Yesterday the EU adopted the European Peace Facility, an off-budget fund of approximately €5 billion for the period 2021-2027. The facility will allow the EU, for the first time, to complement the activities of its Common Security and Defence Policy (CSDP) missions and operations in host countries with assistance measures - including the supply of lethal weaponry. Although this initiative might give the EU more flexibility, autonomy and leverage, there are lots of counterproductive risks.
Fernando Aguiar, BIC Strategic Adviser on Conflict and EU Politics said: “We from the BIC have concerns about the adopted instrument, especially on the components “training and equipment for national armies in third countries” and the EU’s ability to fund military operations – including the supply of lethal weaponry. By implementing these initiatives in countries with high levels of institutional fragility and low levels of accountability, without any substantial long-term capacity-building, the EU will risk further enabling military-backed violence and civilian casualties as a result. Overall, the EU’s ultimate aim to enhance its ability to prevent conflict and preserve peace is undermined by the assumption that more weapons are needed for security and stability.”

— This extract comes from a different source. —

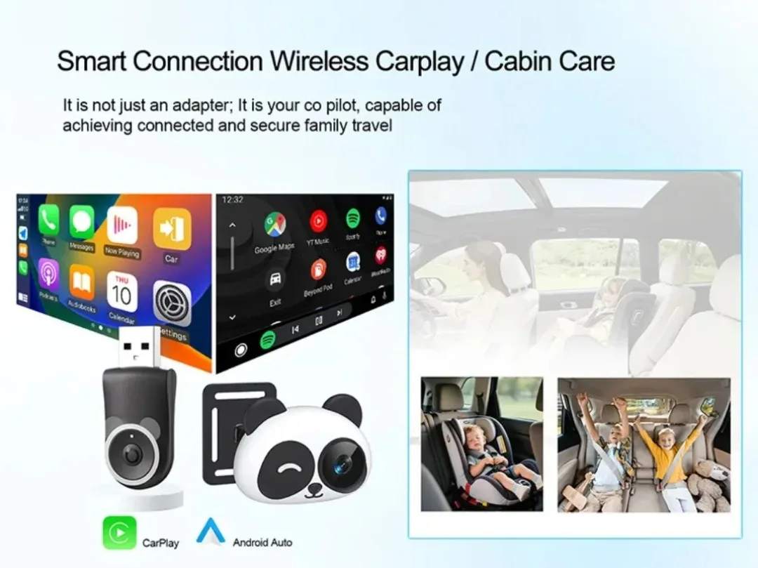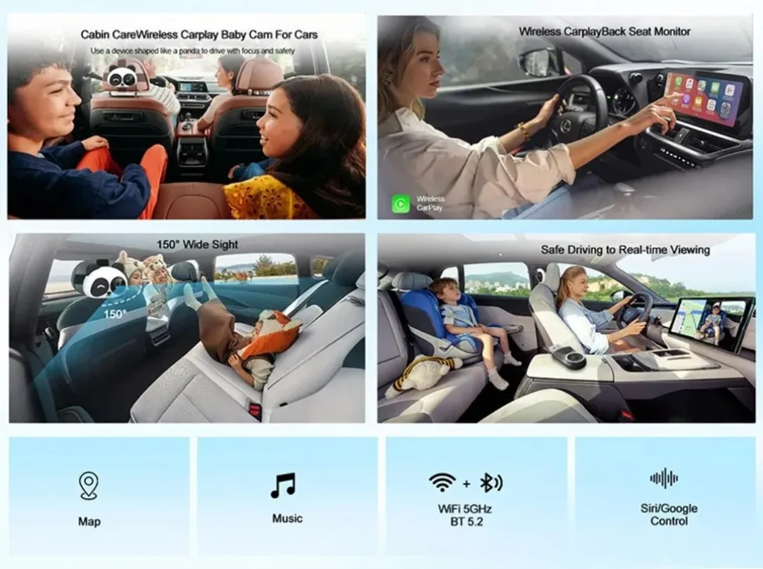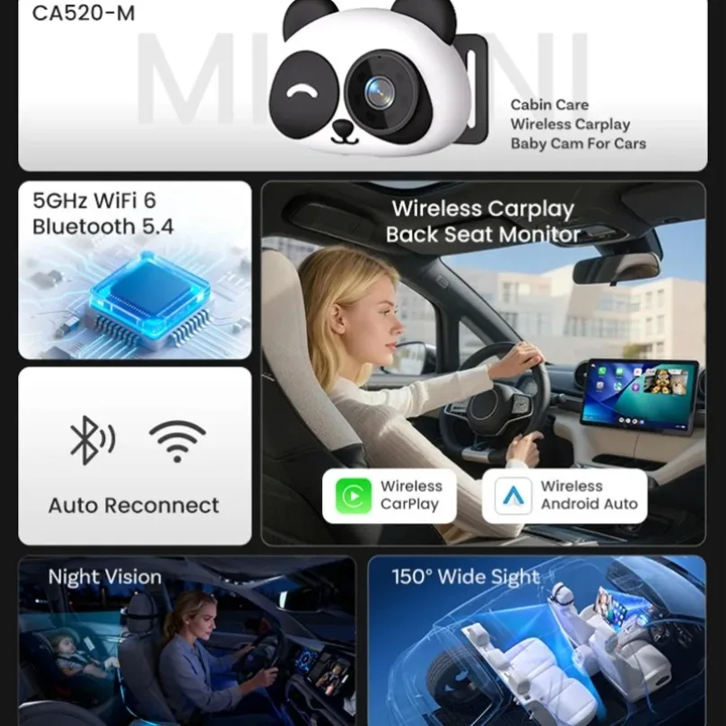 CA520-M Wireless CarPlay & Android Auto with 5GHz Wi-Fi Cabin Care Package 150° Wide Angle Night Adapter for Modern Families

As the BIC has previously argued, if the EU wants to positively impact stability, it should ensure the European Peace Facility is used tackle horizontal inequalities and social exclusion, resource competition, and conflict resolution, in parallel with efforts to tackle weak fiscal defence transparency and accountability. A comprehensive risk mitigation strategy must be put in place by the EU to avoid making counterproductive investments and worsening conflict situations around the world.